◆ **What you should do**:
Return the lines below exactly, from the first line to the line that contains "Veer Decor Nook". Leave out pictures.

◆ **Material provided**:
<<<<

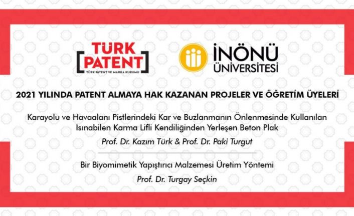 İnönü Üniversitesi Kimya Bölümü Öğretim Üyesi Prof. Dr. Turgay Seçkin’in “Bir Biyomimetik Yapıştırıcı Malzemesi Üretim Yöntemi” başlıklı buluşu incelemeli olarak patent alırken, İnşaat Mühendisliği Bölümü öğretim üyeleri Prof. Dr. Kazım Türk ve Prof. Dr. Paki Turgut’un “Karayolu ve Havaalanı Pistlerindeki Kar ve Buzlanmanın Önlenmesinde Kullanılan Isınabilen Karma Lifli Kendiliğinden Yerleşen Beton Plak” başlıklı buluşu ise Patent Belgesi almayı başardı.
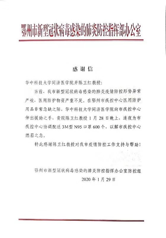 1月28日晚,我院劳动卫生与环境卫生学系主任陈卫红教授连夜为鄂州市疾控中心协调配送3M型N95口罩600个,以解燃眉之急。
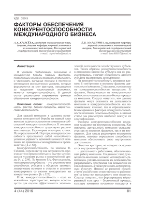 - Хрысёва А.А. Факторы обеспечения конкурентоспособности международного бизнеса российских компаний в условиях кризиса // Известия ВолГТУ. 2016. № 7 (186). С. 29–32.
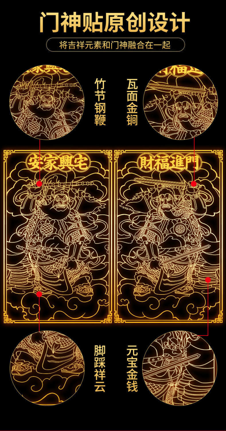 门神贴隐形门神门贴金属门贴化解门对门自粘门神金属贴小门神贴
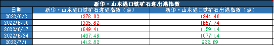 新华财经·指数|新华·山东港口铁矿石库存及进出港指数周报(2022.6.25-2022.7.1)
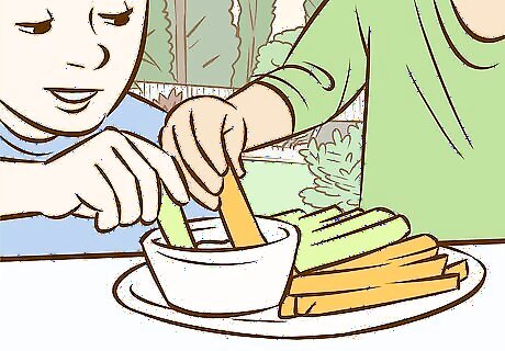 Serve snacks. Depending on what time you’re hosting your party, you might want to consider serving snacks. If you have the budget, catering your child’s birthday party is an easy option that saves you time, but if not, you might want to look into some easy group meal options to feed your guests. Don’t forget to purchase paper plates and plastic cutlery -- you don’t want to be stuck using real plates for the food or cake. Keep in mind that most children can be picky eaters!
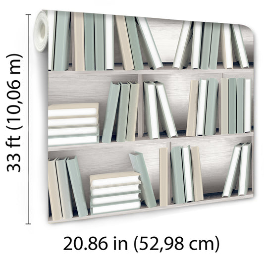 Veer Decor Nook Book Green Wallpaper Novelty Contemporary, Modern, Novelty Green Wallpaper - 8196-AB3
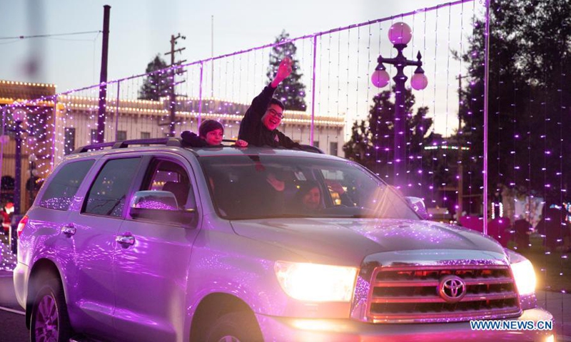 People visit a Christmas-themed drive-thru light show in San Jose, California, the United States, on Dec. 21, 2020. (Photo by Li Jianguo/Xinhua)
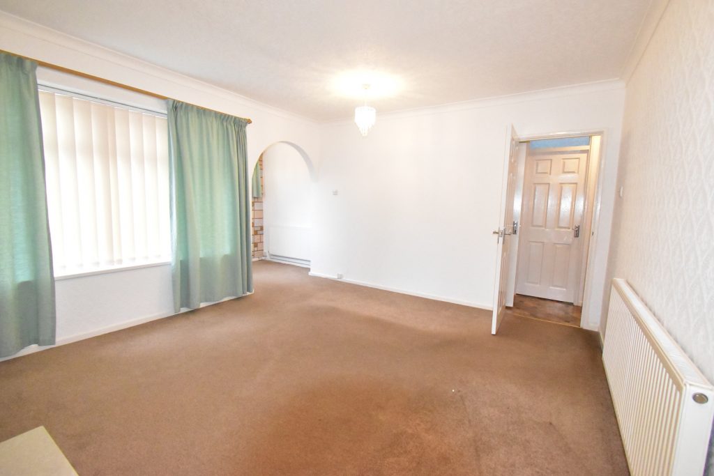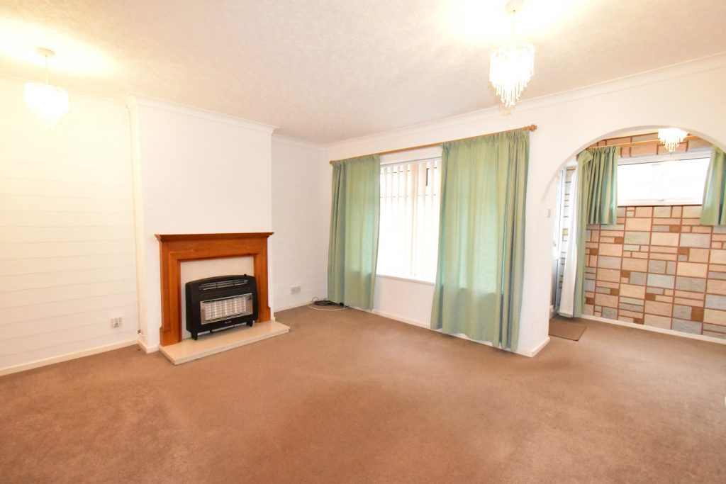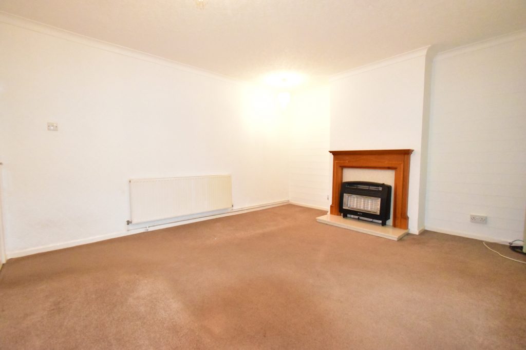 A spacious family room with window to the front, ceiling coving, gas feature fireplace, radiator, power and ceiling light points
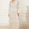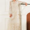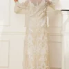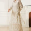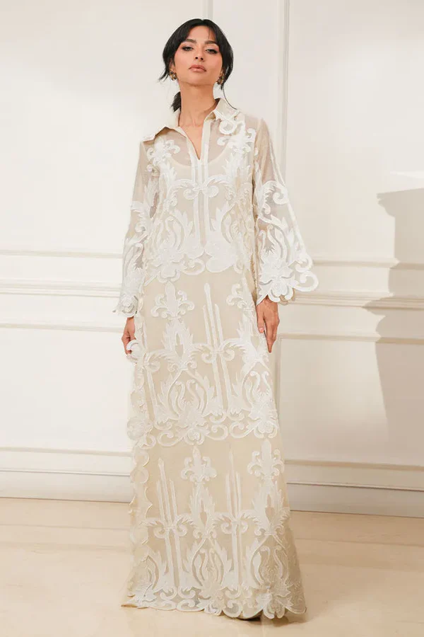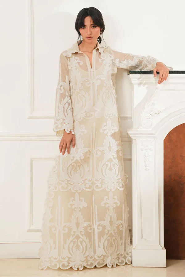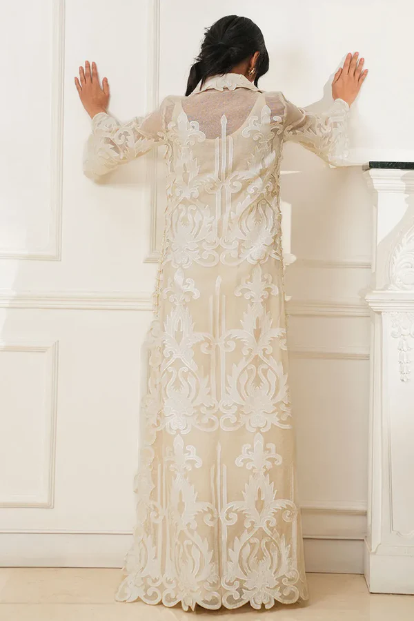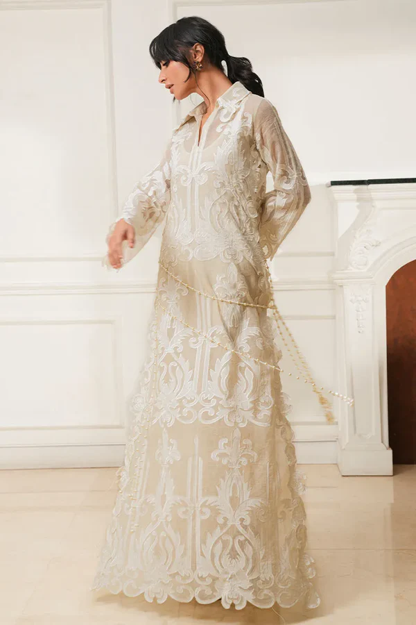 Cotton net shirt featuring all-over appliqué thread cutwork, finished with handmade pearl tassels along the sides. Paired with cotton silk pants for effortless elegance.

>>>>

◆ **Output of the exercise**:
 İnönü Üniversitesi Kimya Bölümü Öğretim Üyesi Prof. Dr. Turgay Seçkin’in “Bir Biyomimetik Yapıştırıcı Malzemesi Üretim Yöntemi” başlıklı buluşu incelemeli olarak patent alırken, İnşaat Mühendisliği Bölümü öğretim üyeleri Prof. Dr. Kazım Türk ve Prof. Dr. Paki Turgut’un “Karayolu ve Havaalanı Pistlerindeki Kar ve Buzlanmanın Önlenmesinde Kullanılan Isınabilen Karma Lifli Kendiliğinden Yerleşen Beton Plak” başlıklı buluşu ise Patent Belgesi almayı başardı.
 1月28日晚,我院劳动卫生与环境卫生学系主任陈卫红教授连夜为鄂州市疾控中心协调配送3M型N95口罩600个,以解燃眉之急。
 - Хрысёва А.А. Факторы обеспечения конкурентоспособности международного бизнеса российских компаний в условиях кризиса // Известия ВолГТУ. 2016. № 7 (186). С. 29–32.
 门神贴隐形门神门贴金属门贴化解门对门自粘门神金属贴小门神贴
 新华财经·指数|新华·山东港口铁矿石库存及进出港指数周报(2022.6.25-2022.7.1)
 Serve snacks. Depending on what time you’re hosting your party, you might want to consider serving snacks. If you have the budget, catering your child’s birthday party is an easy option that saves you time, but if not, you might want to look into some easy group meal options to feed your guests. Don’t forget to purchase paper plates and plastic cutlery -- you don’t want to be stuck using real plates for the food or cake. Keep in mind that most children can be picky eaters!
 Veer Decor Nook Book Green Wallpaper Novelty Contemporary, Modern, Novelty Green Wallpaper - 8196-AB3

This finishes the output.